Exercise prompt:
Among the lines of data below, reproduce only those from the one with "Pasta Dish #1: Duck" through the one with "Сломанный экран монитора, ремонт", exactly as they stand, both ends included.

Provided records:
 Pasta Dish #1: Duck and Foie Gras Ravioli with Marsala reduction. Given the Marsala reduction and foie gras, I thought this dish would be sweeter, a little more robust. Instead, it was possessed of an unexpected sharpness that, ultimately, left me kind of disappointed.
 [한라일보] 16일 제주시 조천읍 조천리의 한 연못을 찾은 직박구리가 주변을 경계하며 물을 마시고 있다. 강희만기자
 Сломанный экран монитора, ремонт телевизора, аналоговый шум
---
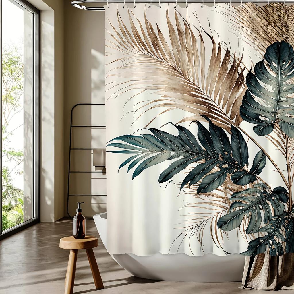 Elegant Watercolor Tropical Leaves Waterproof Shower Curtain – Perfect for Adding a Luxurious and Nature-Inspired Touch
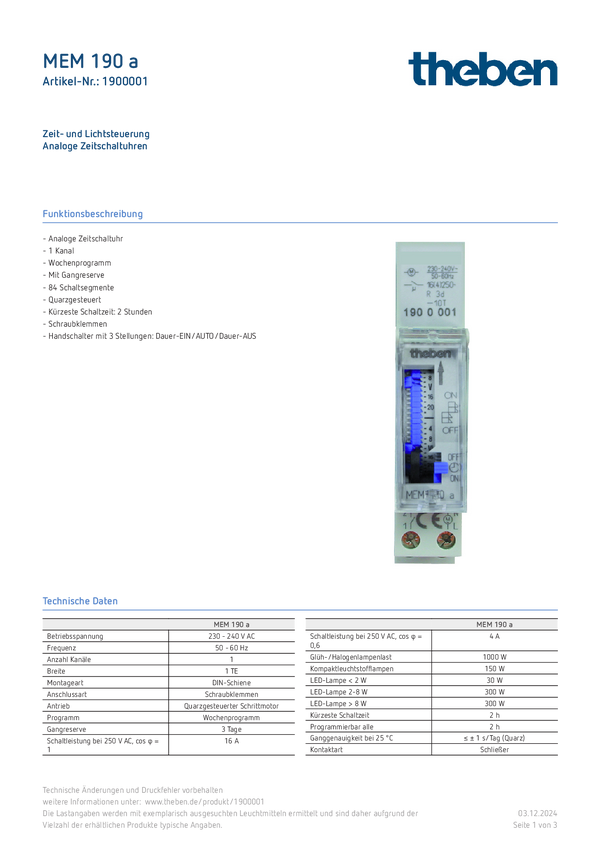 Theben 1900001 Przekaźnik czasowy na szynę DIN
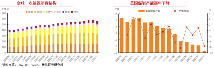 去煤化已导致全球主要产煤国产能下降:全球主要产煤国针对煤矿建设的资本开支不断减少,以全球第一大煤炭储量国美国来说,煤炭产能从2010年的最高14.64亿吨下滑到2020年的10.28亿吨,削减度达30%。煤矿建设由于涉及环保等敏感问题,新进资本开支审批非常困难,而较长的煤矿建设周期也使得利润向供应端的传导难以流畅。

Task output:
 Pasta Dish #1: Duck and Foie Gras Ravioli with Marsala reduction. Given the Marsala reduction and foie gras, I thought this dish would be sweeter, a little more robust. Instead, it was possessed of an unexpected sharpness that, ultimately, left me kind of disappointed.
 [한라일보] 16일 제주시 조천읍 조천리의 한 연못을 찾은 직박구리가 주변을 경계하며 물을 마시고 있다. 강희만기자
 Сломанный экран монитора, ремонт телевизора, аналоговый шум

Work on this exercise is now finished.